* Assigned task *
Of all the entries below, retype only the lines from the one with "Mini Pretzels by" through the one with "La Direction Générale", exactly as they appear.

(Source data)

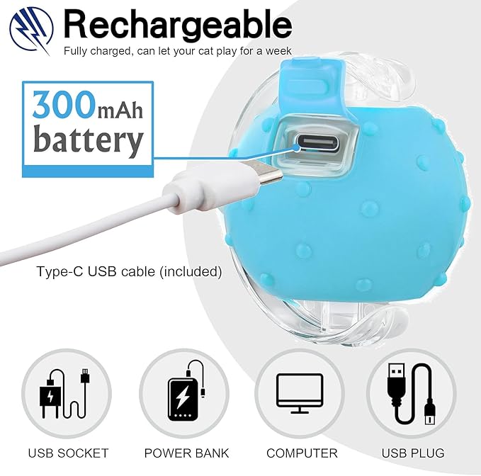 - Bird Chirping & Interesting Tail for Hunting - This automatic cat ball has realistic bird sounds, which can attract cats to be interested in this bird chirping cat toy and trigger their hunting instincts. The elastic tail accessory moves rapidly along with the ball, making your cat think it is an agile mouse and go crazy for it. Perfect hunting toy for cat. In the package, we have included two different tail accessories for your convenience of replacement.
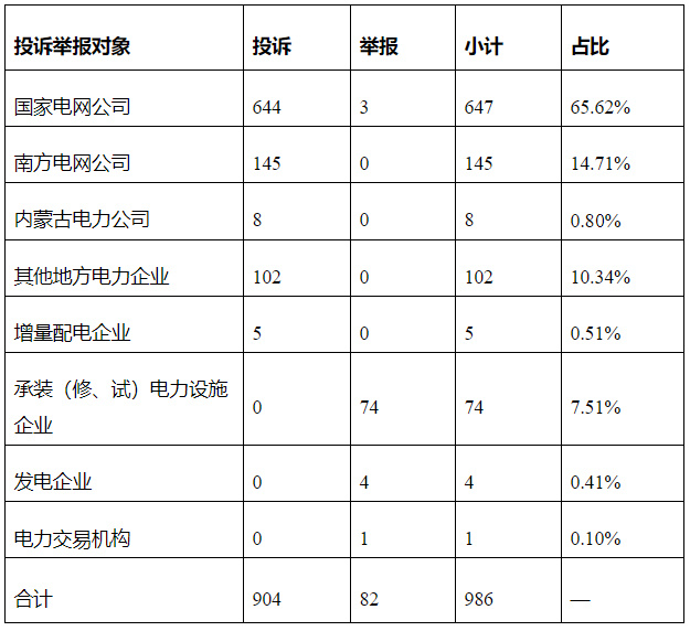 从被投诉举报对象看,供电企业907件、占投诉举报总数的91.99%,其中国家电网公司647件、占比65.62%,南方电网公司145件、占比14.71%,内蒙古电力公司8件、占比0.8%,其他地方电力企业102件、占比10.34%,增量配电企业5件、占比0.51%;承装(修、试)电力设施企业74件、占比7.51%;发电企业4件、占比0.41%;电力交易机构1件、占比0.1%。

(End Source data)
(Source data)

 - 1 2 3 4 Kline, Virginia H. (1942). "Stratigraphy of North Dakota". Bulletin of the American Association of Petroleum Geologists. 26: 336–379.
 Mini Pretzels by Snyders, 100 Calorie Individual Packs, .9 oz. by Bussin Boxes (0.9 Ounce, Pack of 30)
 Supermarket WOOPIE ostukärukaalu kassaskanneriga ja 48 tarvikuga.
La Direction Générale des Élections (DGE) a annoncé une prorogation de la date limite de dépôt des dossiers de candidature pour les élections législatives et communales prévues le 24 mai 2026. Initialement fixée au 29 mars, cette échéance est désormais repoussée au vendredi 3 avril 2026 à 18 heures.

(End Source data)
(Source data)

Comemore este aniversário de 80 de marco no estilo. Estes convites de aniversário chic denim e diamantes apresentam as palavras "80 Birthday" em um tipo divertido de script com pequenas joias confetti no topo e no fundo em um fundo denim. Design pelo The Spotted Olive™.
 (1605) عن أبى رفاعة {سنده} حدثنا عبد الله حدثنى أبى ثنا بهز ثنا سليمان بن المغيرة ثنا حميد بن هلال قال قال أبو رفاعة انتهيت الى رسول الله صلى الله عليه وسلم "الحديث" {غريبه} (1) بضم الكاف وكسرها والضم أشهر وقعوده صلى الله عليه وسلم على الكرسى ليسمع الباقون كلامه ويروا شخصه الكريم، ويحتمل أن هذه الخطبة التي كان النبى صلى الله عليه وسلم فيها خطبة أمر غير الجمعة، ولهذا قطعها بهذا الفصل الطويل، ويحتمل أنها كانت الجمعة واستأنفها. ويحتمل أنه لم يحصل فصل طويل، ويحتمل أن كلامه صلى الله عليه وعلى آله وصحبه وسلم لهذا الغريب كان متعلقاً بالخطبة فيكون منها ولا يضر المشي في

(End Source data)

* Task output *
 Mini Pretzels by Snyders, 100 Calorie Individual Packs, .9 oz. by Bussin Boxes (0.9 Ounce, Pack of 30)
 Supermarket WOOPIE ostukärukaalu kassaskanneriga ja 48 tarvikuga.
La Direction Générale des Élections (DGE) a annoncé une prorogation de la date limite de dépôt des dossiers de candidature pour les élections législatives et communales prévues le 24 mai 2026. Initialement fixée au 29 mars, cette échéance est désormais repoussée au vendredi 3 avril 2026 à 18 heures.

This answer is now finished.